How does gender/ethnicity entropy work? The Gender/Ethnicity metric aims to ordinal rank the diversity of a workforce at a given company. The metric is available at any level of granularity, and takes into account both location and job category when computing the score of any particular group of individuals. The metric is designed on a scale of 1-10, and scores are reported independently for gender and ethnicity diversity. The scale is linear, where a score of 1 indicates poor diversity and a score of 10 indicates high diversity. The scale may also be interpreted as a percentile with respect to peers (i.e. 1 corresponds to between the 0 and 10th percentile, 2 corresponds to between the 10th and 20th percentile). To design the metric, we used a modified version of a Shannon Index to calculate diversity scores in relation to a company’s peers, while taking into account occupation and region. The method can easily be extended to take into account other regional/occupation differences as desired. The ethnicity diversity score may also be tuned to have increased sensitivity to particular groups. To calculate the final score, we assign the quantile to which the target company of interest falls in relation to all other peer companies, given the region and occupation type. This provides a relative score that is easily interpretable.

How are attrition rates, hiring rates and growth rates calculated? The attrition rate $$a_g(t)$$, and hiring rate $$h_g(t)$$ are calculated at the particular granularity level $$g$$ chosen and the month $$t$$. In the formulae below, $$o_g(j)$$, $$i_g(j)$$ denote the outflows, inflows at the particular granularity level $$g$$ in the month $$j$$ and $$\bar{c}_g(t)$$ denote the average head count at that granularity over the last year. Growth rate is the difference between hiring rate and attrition rate.

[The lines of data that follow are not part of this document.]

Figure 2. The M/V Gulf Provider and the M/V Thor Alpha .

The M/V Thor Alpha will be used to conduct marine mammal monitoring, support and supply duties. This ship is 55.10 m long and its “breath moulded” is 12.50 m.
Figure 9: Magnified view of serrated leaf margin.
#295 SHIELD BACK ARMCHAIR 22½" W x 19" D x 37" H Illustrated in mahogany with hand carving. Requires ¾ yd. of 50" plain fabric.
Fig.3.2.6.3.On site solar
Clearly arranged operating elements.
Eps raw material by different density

\begin{align}\begin{aligned}a_g(t) = 100 \cdot \frac{\sum_{j=t-11}^{t} o_g(j)}{\bar{c}_g(t)}\\h_g(t) = 100 \cdot \frac{\sum_{j=t-11}^{t} i_g(j)}{\bar{c}_g(t)}\\\bar{c}_g(t) = \frac{1}{12} \sum_{j=t-11}^{t} c_g(j)\end{aligned}\end{align}

## Known Issues¶

### Skill Data Sparsity¶

The Issue: Our profile data is combined from multiple sources which all gather only publicly available profiles. Around May, 2021, user skills disappeared from the majority of public profiles. They are visible on small minority of public profiles which we collect, but it may be important for your usecase to understand that we do not see the most recently added skills for most existing users, and we do not see any skills for most new users.

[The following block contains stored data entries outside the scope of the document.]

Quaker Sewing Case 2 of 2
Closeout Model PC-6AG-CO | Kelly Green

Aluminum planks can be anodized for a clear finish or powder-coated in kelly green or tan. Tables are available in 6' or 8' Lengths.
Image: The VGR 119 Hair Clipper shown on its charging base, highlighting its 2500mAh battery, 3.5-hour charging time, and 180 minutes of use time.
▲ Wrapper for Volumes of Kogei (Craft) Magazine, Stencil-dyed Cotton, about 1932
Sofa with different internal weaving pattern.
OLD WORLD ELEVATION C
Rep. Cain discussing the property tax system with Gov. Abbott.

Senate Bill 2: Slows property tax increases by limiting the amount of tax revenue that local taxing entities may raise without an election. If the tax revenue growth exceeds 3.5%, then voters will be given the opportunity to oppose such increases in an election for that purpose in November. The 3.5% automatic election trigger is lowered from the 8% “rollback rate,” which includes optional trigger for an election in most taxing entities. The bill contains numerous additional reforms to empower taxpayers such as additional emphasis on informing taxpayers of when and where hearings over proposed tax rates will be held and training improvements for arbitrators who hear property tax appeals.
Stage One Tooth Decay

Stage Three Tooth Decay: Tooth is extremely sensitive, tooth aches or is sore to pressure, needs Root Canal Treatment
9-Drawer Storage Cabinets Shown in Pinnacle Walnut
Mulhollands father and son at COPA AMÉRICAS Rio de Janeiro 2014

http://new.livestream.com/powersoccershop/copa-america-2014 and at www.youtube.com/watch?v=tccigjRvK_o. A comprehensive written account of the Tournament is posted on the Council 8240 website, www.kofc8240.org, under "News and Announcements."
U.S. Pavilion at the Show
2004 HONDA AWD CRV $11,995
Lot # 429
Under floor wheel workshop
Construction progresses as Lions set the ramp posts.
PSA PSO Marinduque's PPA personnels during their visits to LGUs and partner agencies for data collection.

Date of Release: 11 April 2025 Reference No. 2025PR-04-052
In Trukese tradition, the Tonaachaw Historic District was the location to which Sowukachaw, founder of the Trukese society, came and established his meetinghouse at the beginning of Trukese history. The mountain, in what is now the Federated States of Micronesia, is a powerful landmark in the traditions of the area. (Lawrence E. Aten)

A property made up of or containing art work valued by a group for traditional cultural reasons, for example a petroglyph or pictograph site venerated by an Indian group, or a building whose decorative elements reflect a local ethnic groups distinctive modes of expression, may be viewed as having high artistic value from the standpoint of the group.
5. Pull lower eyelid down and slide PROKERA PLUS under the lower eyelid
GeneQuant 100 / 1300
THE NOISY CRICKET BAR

The Scope: This affects the user Skill File and the Skill Dynamics File. The Skill Dynamics File still tracks the skills that we do see as they follow a user to new positions.

The Outlook: We will continue to capture the skills when they appear on public profiles, and monitor for any changes in their availability. We have a model close to production which predicts missing skills that may be useful in filling the gaps in the Skill File as well as improving the currency of the Skill Dynamics File.

Updated: June 3, 2022

## Bug Fixes¶

### Highest Degree¶

(June 13, 2022) We fixed a big where highest degree was sometimes obviously not the highest degree.